The market already assigns significant negative value to the Companys mature core operating
business and assets and, in our view, this delay will inevitably cause further decline in value. We
do not understand the Boards continued support of the Companys senior management team,
given its track record, its failure to increase value for shareholders and the recent spate of
executive departures from the Company.
A Reverse-Spin Should Not Be the Only Option. The new reverse-spin would be, by the
Companys own admission, fraught with operational, tax and execution risks similar to those that
ultimately caused it to abandon the Alibaba spin. Therefore, the Company must launch other
plans simultaneously to maximize value for its owners. We believe there are a number of
potential buyers for the various assets comprising the Companys core business, its real estate,
intellectual property and royalty streams, as well as its Yahoo! Japan stake. We also believe that
a sale of the entire company should be considered.
The Companys primary goal must be to close the discount on the Companys non-core assets as
much as possible and in a timely manner. Tightening the market discount on the Alibaba stake,
the Yahoo! Japan stake, and the Companys cash by 20% could immediately generate nearly $10
per share of value, or an approximately 30% return, on top of any value the core assets generate
through a sale process. The modest scale of the core business relative to the total enterprise
value of the Company today means that even material improvements in its valuation would be
insignificant in comparison to tightening these discounts.
One Year is Too Long to Wait. The Companys inaction to date has been startling. After
contemplating a spin-off of Alibaba for nearly a year, and evaluating tax-efficient options for
both its Alibaba and Yahoo! Japan stakes for nearly five years, the Company has not
consummated (or even determined) a final plan. We find it difficult to comprehend that in the
face of months of tax uncertainty regarding the spin-off there was apparently no plan B.
Requiring shareholders to continue to wait for definitive action for another year or more and
extending the tenure of senior management while the Company evaluates this reverse-spin is
simply unacceptable. This plan should already have been well-vetted and evaluated, given that
nearly five years of discussions about separating the investment stakes has already passed.
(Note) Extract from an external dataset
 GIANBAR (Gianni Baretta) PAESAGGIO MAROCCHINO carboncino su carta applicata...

We are surprised the Company continues to claim it can use this time to improve the value of its
aging core business. The midpoint of managements recent guidance implies a full year 2015
revenue (ex-TAC) decline of 8.5% and an adjusted EBITDA decline of 32.7%. By comparison,
in 2014, revenue (ex-TAC) declined 0.6% and adjusted EBITDA declined 12.9%. Furthermore,
the $2.3 billion of acquisitions and other investments have failed to create shareholder value.
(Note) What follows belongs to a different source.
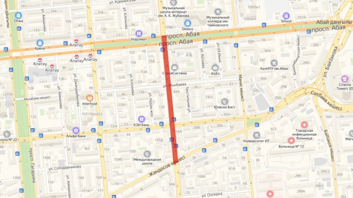 По улице Казыбек би от улицы Кунаева до улицы Зенкова.

We believe the current perceived market value of the Companys core operations and assets is
well below zero.
Immediate Action is Required. In light of the above, we believe the Company should prioritize a
sale of its core business, a portion of its assets, or the entire company. We ask that the Board
exercise its duty to act in the best interests of shareholders by quickly unlocking the value of the
Companys assets while protecting its current cash holdings. We believe the most responsible
way to do so is not through the pursuit of another uncertain and protracted spin but rather
through the immediate launch of a sale process.